The parser is divided up into a tokenizer implemented using Ragel and a very simple recursive descent parser. The language parsed is described in the document referred to above. The output will be a raw policy document where macro definitions and rule definitions appear in the order they were defined.


The precompilation package contains some checks that make sure that everything is ready for being compiled. It doesn't provide error messages for users of packages, but for implementors. Basically speaking, if this ever triggers, it's because someone has wired something wrong.


The simplification phase takes a tree and tries to do as much optimization as possible before hand. This means basically reducing all arithmetic expressions as much as possible based on constants. We don't do more complicated optimizations such as reorderings or inversions of mathematical operations - we simple execute as much as possible beforehand. THe assumption is that there are no free variables or calls at this stage.


The tree defines the expression types and all subnodes of the AST. It also defines a Visitor that can be used to provide functionality on the AST.

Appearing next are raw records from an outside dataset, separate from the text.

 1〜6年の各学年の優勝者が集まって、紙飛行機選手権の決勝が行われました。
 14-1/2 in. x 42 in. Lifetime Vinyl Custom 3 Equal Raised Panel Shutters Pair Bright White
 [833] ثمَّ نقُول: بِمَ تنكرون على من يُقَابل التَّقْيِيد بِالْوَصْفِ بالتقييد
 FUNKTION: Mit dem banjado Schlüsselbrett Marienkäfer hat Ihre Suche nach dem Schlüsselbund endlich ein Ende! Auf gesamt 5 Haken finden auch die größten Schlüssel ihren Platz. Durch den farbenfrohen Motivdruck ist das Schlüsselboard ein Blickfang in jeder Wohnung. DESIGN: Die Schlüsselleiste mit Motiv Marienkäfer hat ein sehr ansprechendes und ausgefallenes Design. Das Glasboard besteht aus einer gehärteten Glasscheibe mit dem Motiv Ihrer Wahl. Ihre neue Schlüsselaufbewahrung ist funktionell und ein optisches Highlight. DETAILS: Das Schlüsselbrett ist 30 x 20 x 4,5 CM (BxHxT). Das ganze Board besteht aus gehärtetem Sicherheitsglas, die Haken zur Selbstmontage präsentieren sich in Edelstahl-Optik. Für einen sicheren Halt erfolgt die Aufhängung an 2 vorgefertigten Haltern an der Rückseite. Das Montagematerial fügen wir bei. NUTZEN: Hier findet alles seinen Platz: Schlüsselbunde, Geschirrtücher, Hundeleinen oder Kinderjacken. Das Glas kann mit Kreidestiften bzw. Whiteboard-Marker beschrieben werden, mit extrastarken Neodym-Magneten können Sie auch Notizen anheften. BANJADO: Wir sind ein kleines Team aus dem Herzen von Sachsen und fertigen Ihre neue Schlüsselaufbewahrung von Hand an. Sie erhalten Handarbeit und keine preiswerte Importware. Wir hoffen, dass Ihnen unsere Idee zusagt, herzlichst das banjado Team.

The unifier takes the set of rules and zero or more lists of macro definitions and resolves all free variables in the set of rules by replacing them with their macro content. The output will be a tree that is fit for simplification, type checking and compilation.

Flow of execution

In general, this library will work by taking a file of definitions, parse it, compile it and install it. The specific flow of events looks like this:

  • First, the file will be parsed
  • Then, the unifier will take all the macro definitions and make sure the final tree is complete
  • After that, the type checker will run to make sure everything looks correct
  • Then, we use the simplifier to optimize and make everything smaller
  • After simplification, the tree should be ready for compilation. The precompilation package checks that and ensures we are all good.
  • Finally, the compiler takes the tree and turns it into bytecode
  • Optionally, at this point we will install the bytecode into a running process using either the seccomp or the prctl system call.

The library can also check whether seccomp is supported. It supports the separation of macros and rules into several files. This composition cannot happen inside the files, but has to be done by the calling library. This allows for shared macros and rules. The language also supports default positive and negative actions, such that it's clear from the file itself whether it's a blacklist or a whitelist, for example. These default actions can also be specified programmatically. Finally, each rule can have custom positive or negative actions if needed.

Refer to the godoc for the API - we hope to have some usage examples up as soon as the library is finished.